Happy Birthday, Linux: Raise a Glass
Today, August 25, is the day traditionally used as the anniversary date for the Linux operating system.
Much pomp and circumstance surrounded last year's observance of Linux's 20th birthday, so this year there won't be a lot of big parties planned. But for those of us here in the U.S., the 21st birthday is a significant milestone.
It's time for the penguin to buy a drink and celebrate. And it's a drink that's well deserved. With dominance in the web, cloud, and mobile sectors, Linux has indeed come a long way since those days in the latter half of 1991.
To get an idea of how fast Linux took off, thinking about just the timeline of the first year of its existence.
Linus Torvalds' now-famous announcement on the comp.os.minux newsgroup was posted on August 25, 1991. This would soon be followed by the first Linux kernel release (0.01) on September 17, then public release of the Linux kernel (0.02) on October 5.

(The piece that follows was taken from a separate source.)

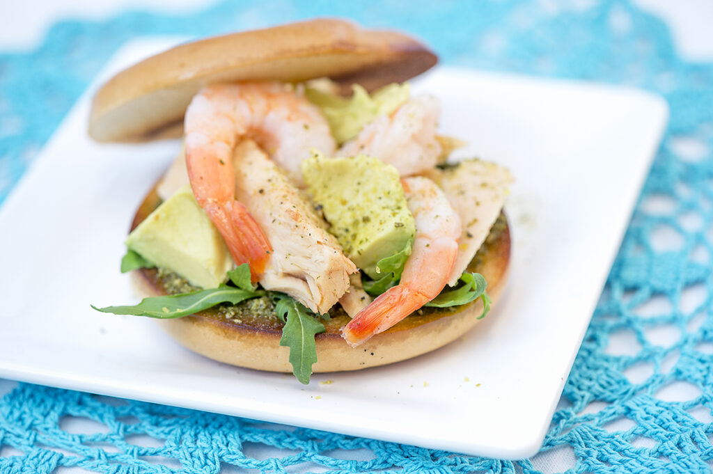 Hienostuneet jättikatkarapuja sisältävät rinkelit sopivat illanistujaisiin tai muuhun tärkeään hetkeen. Nauti hyvässä seurassa! Ainekset 2 annosta 2 Keski Vesirinkeliä nokare voita 4 tl sitruunapestoa iso kourallinen rucolaa 220/150 g valkoista tonnikalafileetä öljyssä, valutettuna 12 jättikatkaravunpyrstöä suolaliemessä, valutettuna 1/2 avokado paloiteltuna muutama tippa lime puristettua mehua limepippuria myllystä

By November that same year, the Manchester Computer Centre (MCC) would make the Linux kernel available on its FTP site. But it was nothing like Linux as we knew it. In 2004, Joe Klemmer described the world of Linux on Linux Weekly News:
"Back in late 1991, when Linux first hit the 'Net, there were no distributions per se. The closest thing was HJ Lu's Boot/Root floppies. They were 5.25" diskettes that could be used to get a Linux system running. You booted from the boot disk and then, when prompted, inserted the root disk. After a while you got a command prompt. Back in those days if you wanted to boot from your hard drive you had to use a hex editor on the master boot record of your disk. Something that was definitely not for the faint of heart. I remember when Erik Ratcliffe wrote the first instructions (this was long before HOWTO files) on how to do just that. It wasn't until later that anything you could call a real distribution appeared."
In February 1992, Owen Le Blanc from the MCC would put together and launch the first installable Linux distribution--MCC Interim Linux. By May, Texas A&M University would launch TAMU (which the TAMU Linux Users Group was trying to resuscitate as TAMULinux as late as 2010).
The same month TAMU launched, Softlanding Linux System (SLS) would be released, which was the first distro to actually include the X Window system to actually run a GUI environment. SLS also holds the distinction for being the immediate progenitor of Slackware Linux.
The next big milestone for Linux would be the release of the first commercial distro Yggdrasil Linux/GNU/X, but that wouldn't be announced until November of 1992, outside that first 12 months of Linux's existence.
But think about those first 12 months for a minute: from a news group announcement to three distributions inside of nine months, and the groundwork laid for the first commercial offering.
By the middle of 1994, less than three years after the first Linux kernel release, Slackware, Debian GNU/Linux, S.u.S.E, and Red Hat Linux would all be launched, part of a rich diversity of distributions that are still maintained today and the engine for a multi-billion-dollar industry.
People have often asked me what the secret to Linux success might be. There are dozens of reasons I can list right off the bat, but here's the one that resonates the most with me.
At the core of Linux operating system is the Linux kernel. It's a great piece of code, surrounded by software that enables the kernel to compute on nearly every platform on any scale. And, like the software, there is a core of talented and decent people within the Linux community: engineers and developers who take advantage of the GPL and have a fundamental belief in creating something that works well. This core group is surrounded by people who recognize this talent and drive and do whatever they can to help make Linux better, too.
Everyone has their own personal theories on the success of Linux; this happens to be mine. Linux is more than software--it is a community. Sometimes a cranky, contentious community, to be sure, but a community with strength rarely matched in the online or offline worlds.
So, sometime August 25, raise your glass on behalf of Linux. At 21, its success has earned it a drink.